Market resolves yes if a major Chinese AI developer (e.g., Tencent, DeepSeek, Baidu, 01, Alibaba, ByteDance, others that seem unlikely to totally fraud) announces evaluation results for a model which tie or surpass OpenAI's o3 December 20th results on any one of the following:
SWE-Bench Verified: 71.7%
Codeforces: 2727 Elo
AIME 2024: 96.7%
GPQA Diamond: 87.7%
Frontier Math: 25.2%
ARC-AGI Semi-Private: 87.5%
Aggressive test time scaling is allowed. Pass@1, as this appears to be what OpenAI did (but I'm not totally sure this makes the most sense, or what to do if this is ambiguous). Benchmark contamination is a concern, but this market will resolve based on stated performance, whether or not benchmark contamination is suspected.

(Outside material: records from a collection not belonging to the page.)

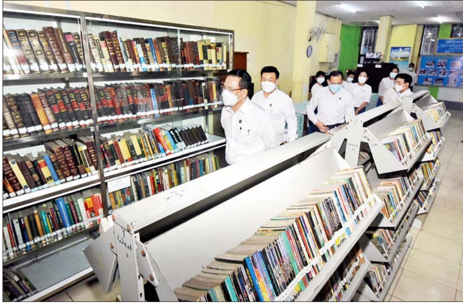
ပြည်ထောင်စုဝန်ကြီး ဦးမောင်မောင်အုန်း ရန်ကုန်မြို့ ပန်းဆိုးတန်းလမ်းရှိ ပညာအလင်းခေတ်မီ စာကြည့်တိုက်၏ စာကြည့်တိုက် ဝန်ဆောင်မှုလုပ်ငန်းများကို ကြည့်ရှုစစ်ဆေးစဉ်။

ရန်ကုန် အောက်တိုဘာ ၁၀ ပြန်ကြားရေးဝန်ကြီးဌာန ပြည်ထောင်စုဝန်ကြီး ဦးမောင်မောင်အုန်းသည် ယနေ့ ညနေပိုင်းတွင် ရန်ကုန်မြို့ ဗဟန်းမြို့နယ် ဝက်ပါလမ်းရှိ မူပိုင်ခွင့်နှင့် မှတ်ပုံတင်ဌာနခွဲနှင့် ကျောက်တံတားမြို့နယ် ပန်းဆိုးတန်းလမ်းရှိ ပညာအလင်းခေတ်မီစာကြည့်တိုက်များကို သွားရောက်စစ်ဆေး၍ သတင်းမီဒီယာ လုပ်ငန်းများ ဖွံ့ဖြိုးတိုးတက်ရေးနှင့် ပြည်သူများ သတင်းအချက်အလက် မှန်ကန်စွာရရှိရေးအတွက် နည်းလမ်းပေါင်းစုံဖြင့် ကြိုးပမ်းဆောင်ရွက်ကြရန် ဆွေးနွေးမှာကြားသည်။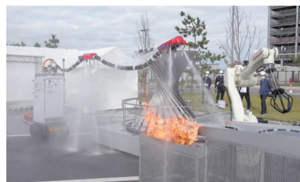
“龙消防员”在日本福岛举行的世界机器人峰会开幕式上进行表演(资料照片)。

不过,该机器人设计仍有局限。如对“龙消防员”的被动减振机制仍未落实,这导致其准备飞行的时间过长。在户外应用中,火灾产生的热量会导致包裹水管和电缆的波纹管产生变形。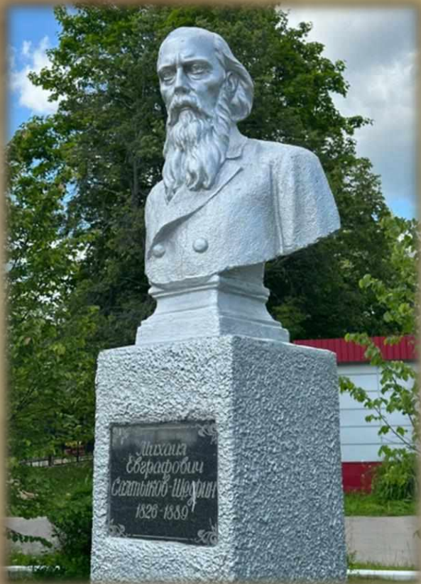
Памятник писателю в городе Спас-Угол

«Михаил Евграфович Салтыков – это всеми уважаемый диагност наших общественных зол и недугов»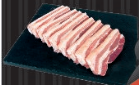
550 g Puulukimineq kitsigaq Svinebryst i skiver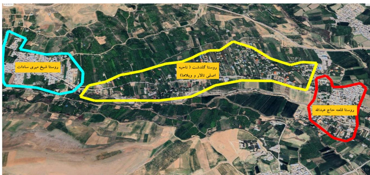
شکل ۴. منطقه روستا شهری گلدشت در سال ۱۴۰۲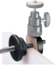
PHOTO CLAMP 296

Diese Klammer kann auf Objekten bis 60mm Dicke befestigt werden. Sie ist mit zwei 3/8" Gewinden ausgerüstet, an denen Kameras oder Stativköpfe montiert werden können.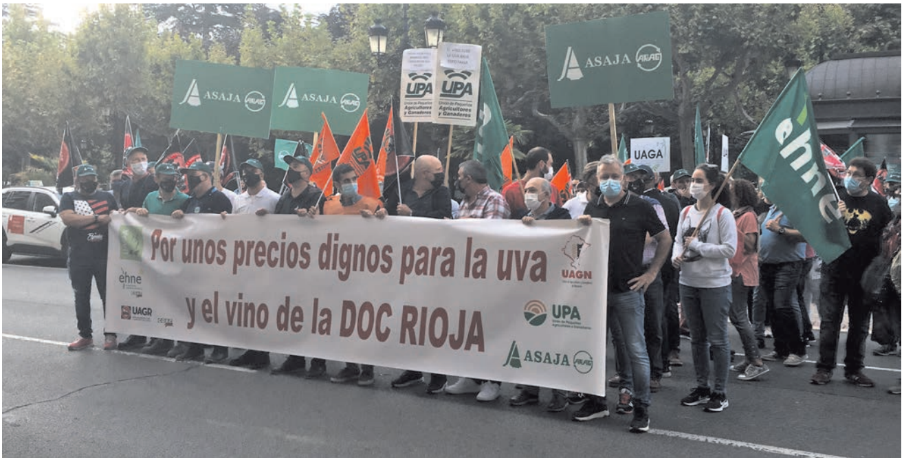
LA MANIFESTACIÓN FINALIZÓ FRENTE A LA DELEGACIÓN DEL GOBIERNO EN LOGROÑO.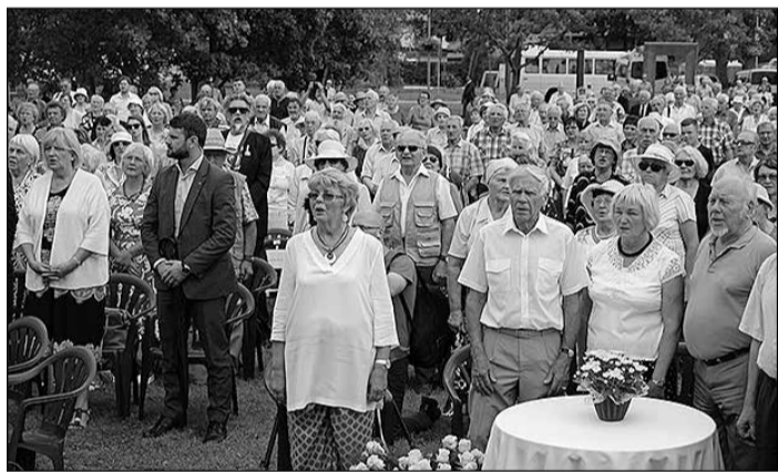
Represētie katru gadu pulcējas Ikšķilē, lai satiktos un atcerētos mūsu valsts un tautas vēstures likločus un dalītos pārdomās par šodien aktuāliem jautājumiem un norisēm.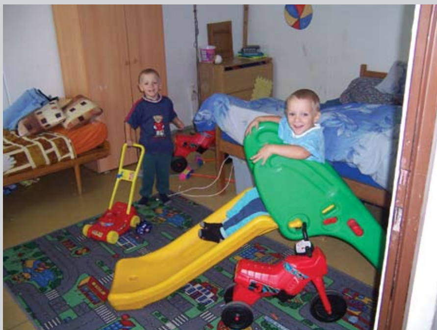
Děti při hře v jednom z bytů sociální rehabilitace v Havlíčkově Brodě.

Ptal se Luděk Bárta Rozhovor připravila Vladka Dobešová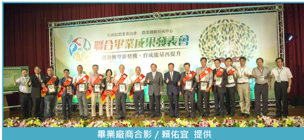
畢業廠商合影

聯合畢業成果發表會，由林聰賢主任委員頒發本年度 11 家進駐廠商育成畢業證書，其中 5 家為本所業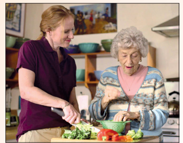
Die Versorgung mit wichtigen Nährstoffen ist in der älteren Bevölkerung in großen Teilen nicht ausreichend.

Nahrungsergänzungsmittel könnten zudem ergänzend helfen, Versorgungslücken zu schließen: „Nahrungsergänzungsmittel können im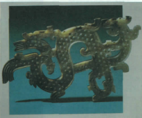
西汉龙凤纹玉佩(1977年江苏扬州妾莫书墓出土)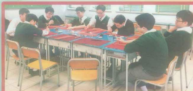
同學在揮春工作坊中揮筆寫福

揮春工作坊在余宏志老師的帶領下，同學齊聚一室，帶著滿滿的祝福，寫下屬於自己的揮春，再帶回家慶賀新年的來臨。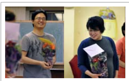
• 1부찬양대 baby shower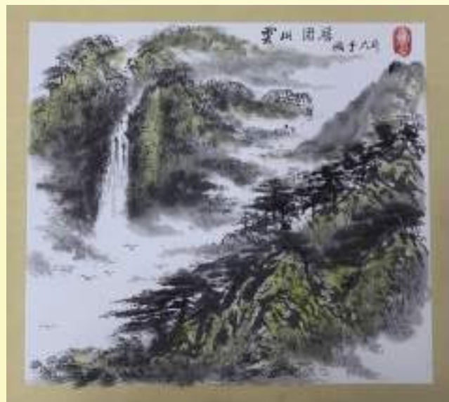
孔宪玉《云山固居》绘画类第三名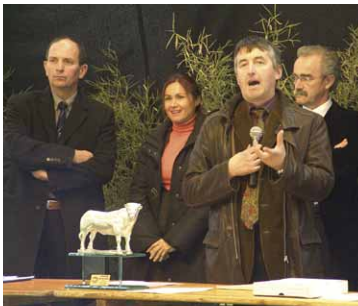
Un momento delle premiazioni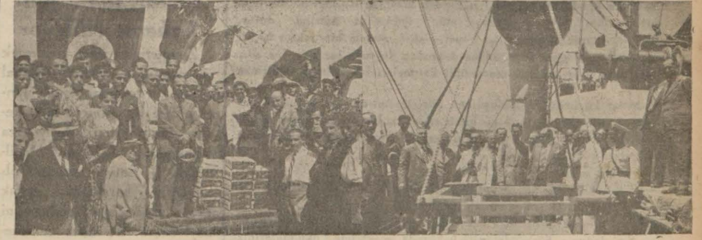
Üzümler şatta ve vapurun ambarına girerken

Tokyo, 24 (Radyo) — Ja- ponya, bu sene bütçesin- deki açığı kapatmak üzere yeni bir istikraz yapmak ta- savvurundadır.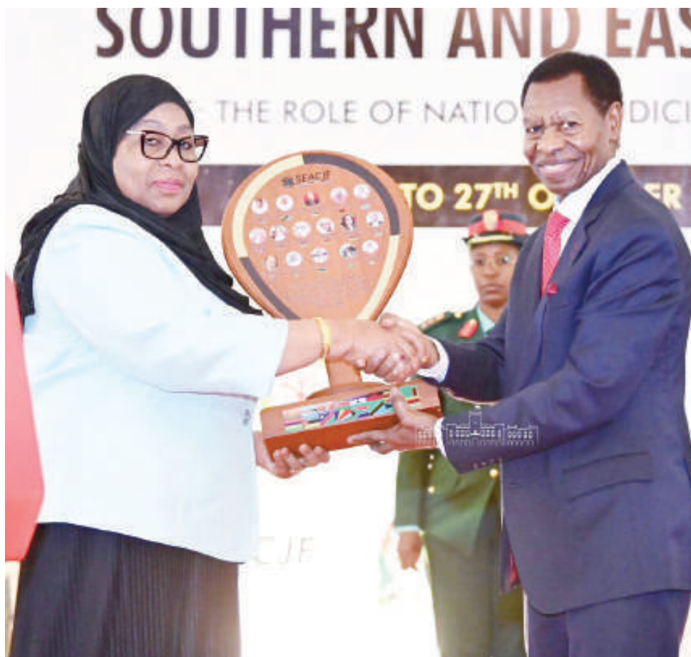
Rais Samia Suluhu Hassan akipokea picha ya Majaji Wakuu wa Nchi za Kusini na Mashariki mwa Afrika kutoka kwa Mwenyekiti wa Jukwaa lao, ambaye ni Jaji Mkuu wa Namibia, Peter Shivute, katika mkutano uliofanyika jijini Arusha jana.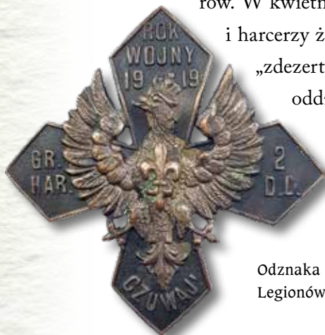
Odznaka Grupy Harcerskiej przy 2. Dywizji Piechoty Legionów

W listopadzie 1918 r. z odsieczą dla Lwowa wyruszyli harcerze z okręgu krakowskiego. Ochotnicy z Krakowa, Tar-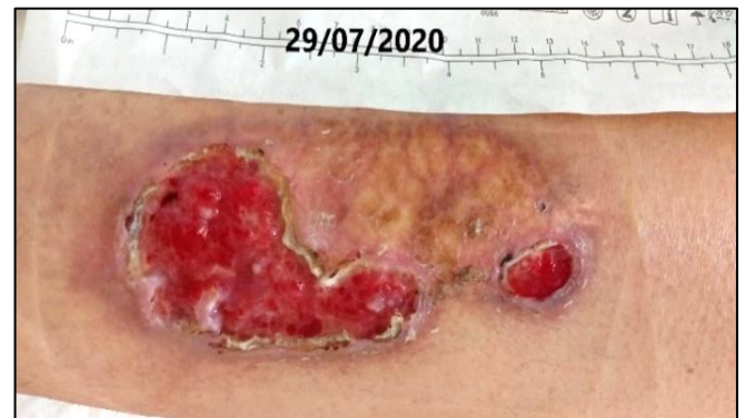
Imagen 2. Aspecto de la lesión tras 6 días de evolución.

It looks like DeepSeek is going to release a new base model now / in the next couple days. The chat version of it has early results on the Aider coding benchmark which are slightly above 3.5-sonnet (below o1). They are a pretty substantial improvement from DeepSeek Chat V2.5 (17.8% --> 48.4%). That is, it seems like they're recently working with a non-RL model which is much better than the previous one.
DeepSeek's previous reasoning model, deepseek-r1-lite-preview does well on many benchmarks:
That model is likely based on either 2.5, or potentially even a smaller model (rumor that it's a smaller model).
So the update here is: they have shown that they can do the RL thing and get decent results, we now have strong evidence that they have stronger base models to apply this to which they have not yet done publicly. It's still a real time crunch to see if they can get that done by end of January, and it's not clear it will match o3 performance, but it seems plausible IMO.